Concurrent access: ❌ Not thread‑safe; ✅ Milvus allows multi‑client concurrency.

Production monitoring: ❌ None; ✅ Integrated with Prometheus + Grafana.

1️⃣ Quick Milvus deployment with Docker Compose

Use a docker-compose.yml that starts etcd (metadata store), MinIO (object storage), and Milvus in standalone mode. The services are mounted to persistent volumes to avoid data loss.

# docker-compose.yml
version: '3.5'
services:
  etcd:
    container_name: milvus-etcd
    image: quay.io/coreos/etcd:v3.5.5
    environment:
      - ETCD_AUTO_COMPACTION_MODE=revision
      - ETCD_AUTO_COMPACTION_RETENTION=1000
      - ETCD_QUOTA_BACKEND_BYTES=4294967296
      - ETCD_SNAPSHOT_COUNT=50000
    volumes:
      - ${DOCKER_VOLUME_DIRECTORY:-.}/volumes/etcd:/etcd
    command: etcd -advertise-client-urls=http://127.0.0.1:2379 -listen-client-urls http://0.0.0.0:2379 --data-dir /etcd
    healthcheck:
      test: ["CMD", "etcdctl", "endpoint", "health"]
      interval: 30s
      timeout: 20s
      retries: 3

  minio:
    container_name: milvus-minio
    image: minio/minio:RELEASE.2023-03-20T20-16-18Z
    environment:
      MINIO_ACCESS_KEY: minioadmin
      MINIO_SECRET_KEY: minioadmin
    ports:
      - "9001:9001"
      - "9000:9000"
    volumes:
      - ${DOCKER_VOLUME_DIRECTORY:-.}/volumes/minio:/minio_data
    command: minio server /minio_data --console-address ":9001"
    healthcheck:
      test: ["CMD", "curl", "-f", "http://localhost:9000/minio/health/live"]
      interval: 30s
      timeout: 20s
      retries: 3

  standalone:
    container_name: milvus-standalone
    image: milvusdb/milvus:v2.4.0
    command: ["milvus", "run", "standalone"]
    security_opt:
      - seccomp:unconfined
    environment:
      ETCD_ENDPOINTS: etcd:2379
      MINIO_ADDRESS: minio:9000
    volumes:
      - ${DOCKER_VOLUME_DIRECTORY:-.}/volumes/milvus:/var/lib/milvus
    healthcheck:
      test: ["CMD", "curl", "-f", "http://localhost:9091/healthz"]
      interval: 30s
      start_period: 90s
      timeout: 20s
      retries: 3
    ports:
      - "19530:19530"
      - "9091:9091"
    depends_on:
      - etcd
      - minio

networks:
  default:
    name: milvus

Start the stack with docker-compose up -d, wait ~30 seconds, then verify with curl http://localhost:9091/healthz. The endpoint should return {"status":"ok"}. If MinIO starts slowly, Milvus may report a connection error; wait until MinIO is healthy before restarting.

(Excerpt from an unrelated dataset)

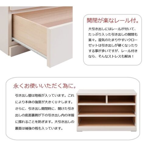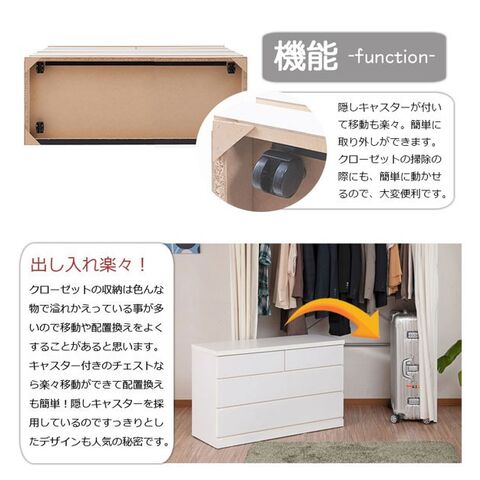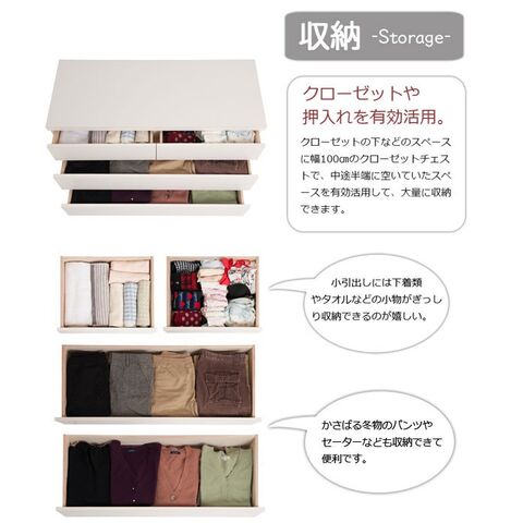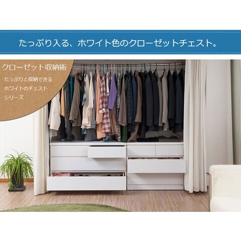 クローゼット下の中途半端に空いていたスペースを有効活用できる収納チェスト。シンプルに仕上げたホワイト色のクローゼットチェストはクローゼット内に綺麗に収納できます。隠しキャスター付きなので出し入れも楽々です。大引出しにはスライドレール付きで開閉もスムーズ。永くお使いいただく為に引出し間には地板が入っており強度も安心。使い方・収納量にあわせて、4種類からお選びいただけます。安心・安全の国産品、届いてすぐに使える完成品です。

Milvus Docker Compose deployment diagram

2️⃣ Create and load a Milvus collection

A collection in Milvus is analogous to a relational table but can store vector fields. The example defines fields for id (Int64 primary key), content, source, category, created_at (timestamp), and embedding (FloatVector with dim = 1536, matching OpenAI text‑embedding‑3‑small).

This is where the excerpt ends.